Étonnant? Eh bien non! L'explication est simple: les bonus alloués en 2020 reviennent principalement sur les prestations des entreprises durant l'année 2019, exercice particulièrement bon pour nombre d'entre elles. "Étant donné que 2019 était une année prospère sur le plan économique et que la pénurie sur le marché de l’emploi se faisait sentir dans de nombreux secteurs, il est également logique que le montant moyen des bonus ait augmenté", observe Catherine Langenaeken, consultante senior chez Acerta.

Car c'est là un autre élément frappant de l'enquête: le montant moyen des bonus a grimpé en flèche. De près de 3.000 euros en 2019, il est passé à environ 5.000 euros cette année. Une croissance de 69% en moyenne.

Une évolution qui s'explique aussi par la part grandissante des entreprises qui renoncent à mener une politique salariale traditionnelle et décident plutôt de "compléter le salaire fixe avec une partie variable - souvent sous la forme d'un bonus - généralement associée aux résultats", précise Catherine Langenaeken.

Le bonus non récurrent a la cote

En se penchant plus en détail sur les données de l'enquête, on constate que le bonus non récurrent (CCT 90), comprenez un bonus collectif dépendant d'objectifs prédéterminés par l'entreprise, reste le plus populaire. Cette année, près de 15% des employés ont perçu une gratification de ce type.

3.413
euros
Bien qu'avantageux, le bonus non récurrent est assorti d'un plafond fixé cette année à 3.413 euros brut.

Cette popularité s'explique principalement par le fait que ce bonus reste le plus avantageux: l’effort brut de l’employeur fournit le rendement net le plus élevé pour le collaborateur. Jugez plutôt: sur un coût total de 1.000 euros pour le patron, 653,61 euros atterrissent dans la poche du travailleur. Avec le bonus salarial individuel, option fiscalement la moins intéressante, seuls 380 euros terminent dans le portefeuille de l'employé.

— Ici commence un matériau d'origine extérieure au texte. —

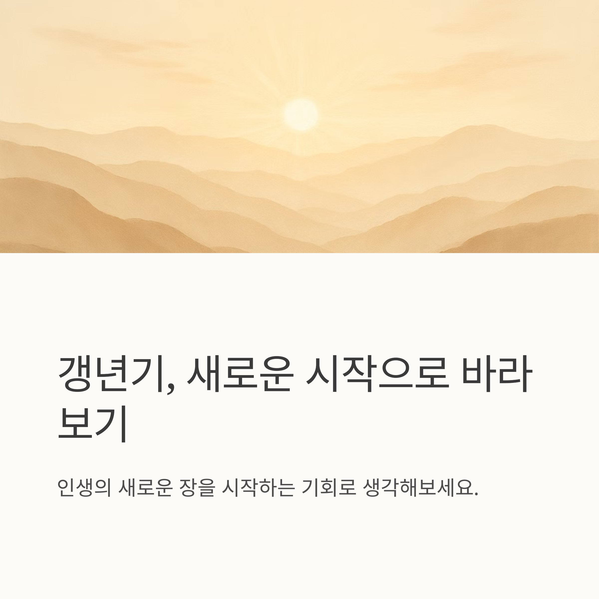 갱년기는 긍정적이고 적극적으로 대처해야 할 인생의 새로운 단계입니다. 몸과 마음의 변화를 받아들이고, 자신에게 맞는 관리 방법을 찾아 건강하고 행복한 중년을 만들어 나가길 바랍니다. 이 글이 여러분의 갱년기 여정에 조금이나마 도움이 되길 바라며, 다음에 더 유익한 정보로 다시 찾아뵙겠습니다!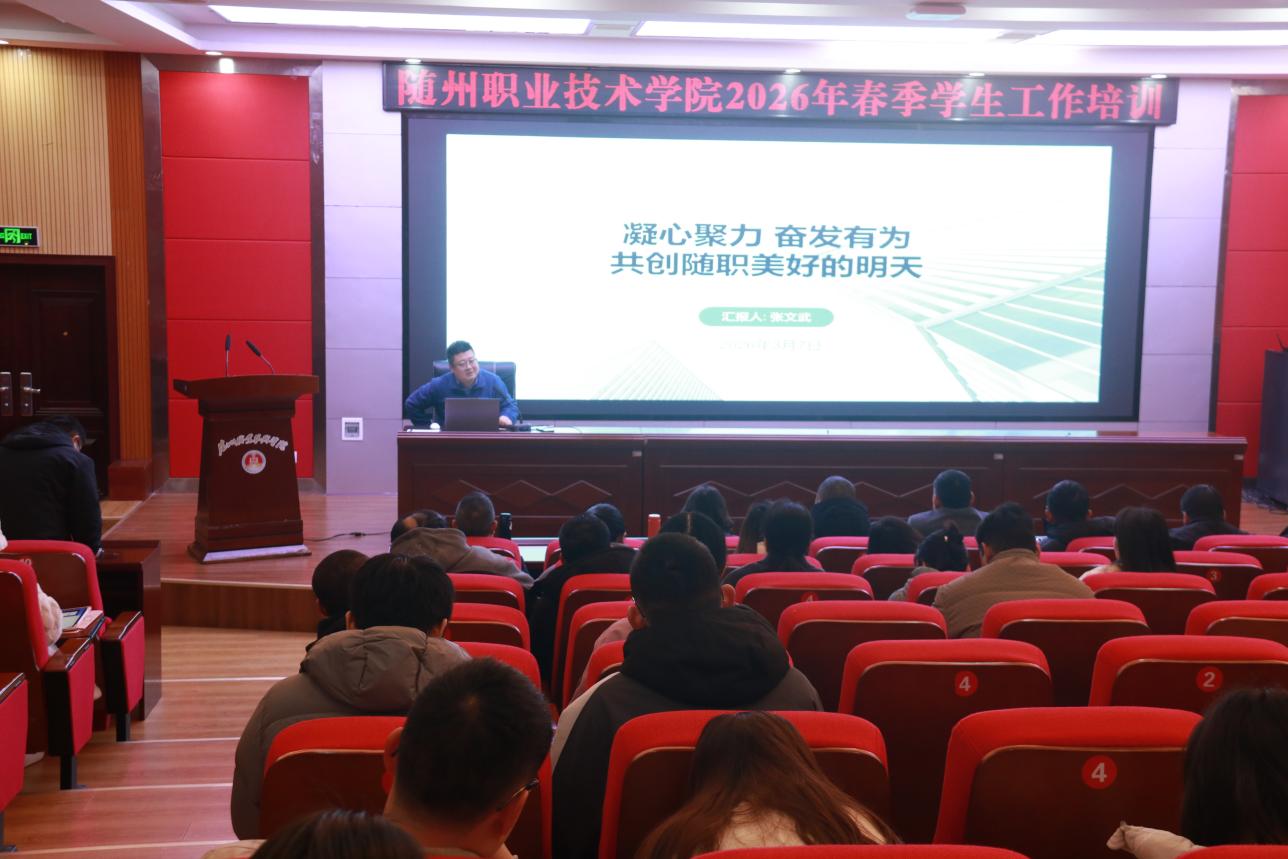 为全面提升学生工作队伍的专业素养与业务能力,推动学生工作高质量发展,3月7日上午,我校在学术报告厅召开2026年春季学生工作培训会。学生工作处、团委、保卫处全体工作人员及全体专兼职辅导员参加会议。

Bien qu'avantageux, le bonus non récurrent est assorti d'un plafond fixé cette année à 3.413 euros brut. Une restriction qui pousse certaines entreprises à porter leurs choix sur des bonus sous forme de warrants, comprenez des instruments financiers qui donnent le droit à leur détenteur d’acheter ou de vendre des actifs après une période donnée, à un prix prédéterminé.

Ce système a aussi l'avantage de pouvoir être accordé individuellement. En 2020, environ 6,3% des employés en ont bénéficié, contre 5,9% l'an dernier. Le montant moyen des warrants s'élevait à 11.320 euros en 2020.

"Ce sont surtout les bonus collectifs associés aux bénéfices ou à l’augmentation du chiffre d’affaires de l’entreprise qui seront inférieurs ou disparaîtront dans de nombreuses entreprises l’année prochaine."
Catherine Langenaeke
Consultante senior chez Acerta

Crise sur les bonus en 2021

Si vous avez reçu un bonus cette année, profitez-en car la probabilité que cela se reproduise en 2021 est mince. Bien que l'impact de la crise ne pourra être évalué avec précision qu'à l'issue du premier trimestre 2021, les perspectives paraissent bien sombres. "Ce sont surtout les bonus collectifs associés aux bénéfices ou à l’augmentation du chiffre d’affaires de l’entreprise qui seront inférieurs ou disparaîtront dans de nombreuses entreprises l’année prochaine", précise Catherine Langenaeken.

Lorsque les bonus sont octroyés sur la base d’autres objectifs, par exemple la réduction du nombre d'accidents de travail, les travailleurs peuvent, par contre, se permettre d'être un brin plus optimistes.